Helping Hands Are Saving Lives – And Wagging Tails
This month, two new enclosures have opened at Country Retreat Animal Sanctuary near Warkworth. Already, they’re saving lives – perhaps human as well as canine.
Sanctuary founders Helen and Gavin Cook have been rescuing some of society’s most vulnerable members for most of their lives, fostering dogs in their own home before opening the rescue facility with boarding kennels in 2014. However, with the cost of living crisis, even more dogs than usual are in need of a paw up.
“We mainly take pregnant mums, puppies, and dogs with special needs from animal shelters. It’s no fault of the shelter, but they don’t have the facilities to look after them or feed puppies every two hours during the night, and they end up getting destroyed,” Helen says.
“With the cost of living, people aren’t adopting right now. Cosmo arrived at just over a week old, and he’s now nearly eight months. And in one day, we’ve had people wanting to bring in more than 40 dogs.”
Spending $3,500 per month on flea and worm treatments and $1,200 a month on electricity for the 20-odd loads of blankets that need washed each day, the Cooks (who also have four dogs and a few cats of their own) were struggling to raise enough to meet the need.
So Mitre 10 MEGA Warkworth pitched in to help, supporting with funding and the materials for two extensions at the Sanctuary through the Helping Hands programme, along with bedding, accessories, dog food and building volunteers to assist James Johnson from JSPEC Construction on the fence build.

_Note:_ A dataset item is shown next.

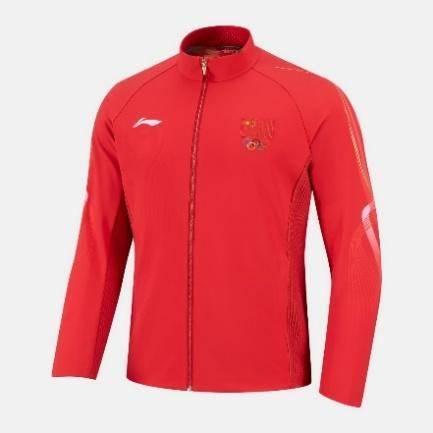 动员大会现场,中国体育代表团成员身着李宁品牌提供的专业运动装备亮相。此次的室内领奖服以“中国红”为主色调,主身与侧幅分别采用弹力经编面料及高弹肌理面料,使得整体挺阔舒适,展现运动员在领奖时刻的庄严与荣耀。拉头细节处巧妙采用中国传统吉祥寓意纹样“双胜纹”,该纹样由两个菱形交叠穿插而成,蕴含着胜利、祥瑞、同心共赢等美好寓意,并在此基础上衍生出“双胜雪花纹”,运用于后幅“CHINA”字母纹饰。袖肘处层叠向上的线条设计,灵感来源于冰刀划过赛道的轨迹,将冬季冰雪运动的动态美感融入设计之中,既勾勒出一往无前的速度之美,更彰显着运动员驰骋赛场的拼搏精神。

Puppies previously had to be carried two by two across a carpark to the exercise yard, but a new extension enables Helen to exercise as many as 50 dogs all by herself, attached directly to the puppy quarters. Grass provides sensory stimulation for the dogs, so they get used to different surfaces.
The Cooks were especially keen to create an extension for elderly dogs, who find it tough to be adopted to a forever home. With a special place of their own, they can now happily live out their retirement years at the shelter if they need to.
“Having that fencing has already saved two dogs we couldn’t have saved two weeks ago, and that’s before it’s even finished,” Gavin says.
Russ Vernon, Store Manager at Mitre 10 MEGA Warkworth, says it’s not just four-legged community members who are benefiting from the project.
“It’s great that the dogs will be able to live out the rest of their lives with love. And what’s nice to see is the reward for volunteers too, including some of our Mitre 10 team members. The simple therapy spent with the dogs and puppies is all some people need to help them through a tough day.”
For Helen, it’s a common theme. People who have suffered life-changing accidents that have knocked their confidence, who have dementia, mental health challenges or PTSD, regularly find their spirits lifted by a visit to the Sanctuary.
“It’s not just about rescuing dogs sometimes – it’s rescuing people,” she says.